Para o jornal bicentenário, zeloso de sua
independência editorial e financeira, foi uma questão de coerência moral ir até
o fundo de suas raízes.
Como se sabe, o Guardian não é um matutino qualquer. Ocupa lugar bastante solitário entre as grandes mídias tradicionais de países democráticos. É regido há quase nove décadas por um truste sem fim lucrativo, criado em testamento pelo visionário C.P. Scott, seu mais longevo proprietário e editor. Cabe ao Scott Trust, formado por um conselho de oito integrantes (jornalistas, executivos e representantes externos), financiar o jornal — basicamente por meio dos dividendos gerados por seus investimentos. A ideia central do arranjo está em proteger o jornal de interferências políticas e comerciais. Apesar de sofrer prejuízos marcantes, como boa parte da mídia no mundo todo, o Guardian procura honrar esse compromisso. Isso envolve não só cobrir o presente e olhar para o futuro, como fuçar o próprio passado.

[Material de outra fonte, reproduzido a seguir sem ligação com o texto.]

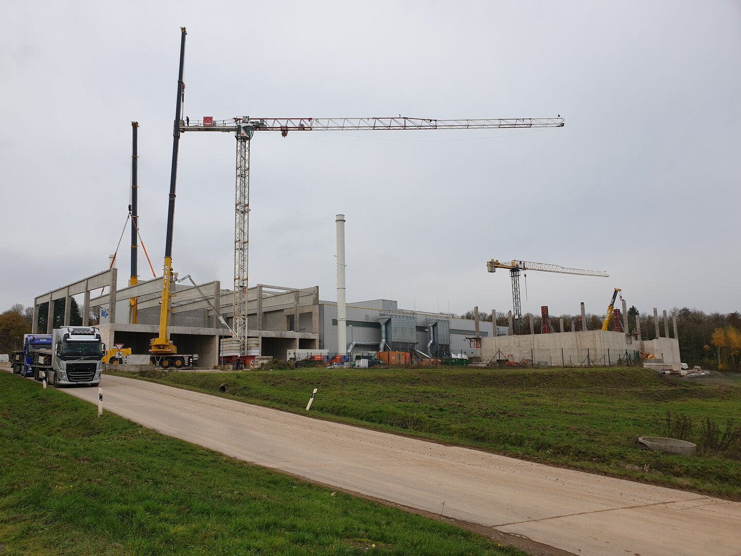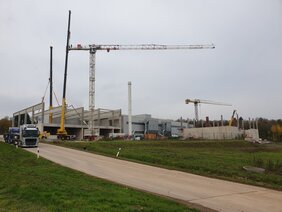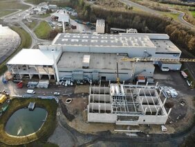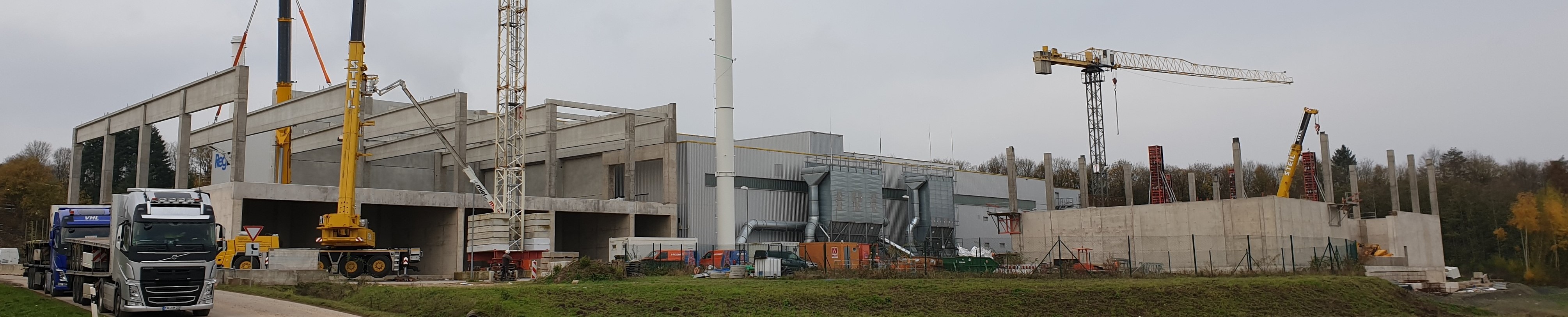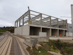 Dafür werden zur Erweiterung der Anlage 2 neue Hallen, Verladehalle und Lagerhalle aus einer Kombination von Stahlfassade Dach, mit einer Stahlbetonunterkonstruktion errichtet.

O relatório divulgado na semana passada
revelou que a fortuna do fundador do jornal, John Edward Taylor, em 1821, assim
como a de nove dos seus 11 financiadores, derivou em boa parte da indústria
algodoeira de Manchester, cuja matéria-prima vinha de plantações do outro lado
do Atlântico, nas Américas. Justamente onde trabalhavam os milhões de negros
traficados da África. Um dos financiadores do jornal não apenas comerciava o
algodão cru d’além-mar, como era dono de uma plantação de açúcar na Jamaica com
122 negros escravizados. Seria, portanto, difícil não concluir que esses
interesses tenham influído na política editorial do matutino, à época. Em
episódio de 1833, para citar um só exemplo, quando os donos desses escravizados
exigiram uma indenização polpuda para abrir mão de sua “propriedade humana”, o
editorial do Guardian posicionou-se a favor do pleito.
— O preço da carne humana do Mississipi era
regulado pelo preço do algodão em Manchester — já constatara o grande
abolicionista americano Frederick Douglass, que testou como poucos a base
constitucional da escravidão nos Estados
Unidos.
Por que então o jornal investiu em
escavação tão funda de sua história? Porque o Guardian é o Guardian. O fato de
aqueles tempos serem outros não pode servir de desculpa para um crime contra a
humanidade, explica a editora-chefe de hoje.
Foi justamente um pedido de desculpas
formal que a fundação do Guardian divulgou com o relatório, acompanhado do
anúncio de ações de justiça reparadora. Serão mais de £ 10 milhões (perto de R$
62,5 milhões) em programas na Jamaica e alhures. Dado o papel crucial da
escravidão para a persistência do racismo e das desigualdades sociais de hoje,
o Guardian se compromete a encarar esse abismo.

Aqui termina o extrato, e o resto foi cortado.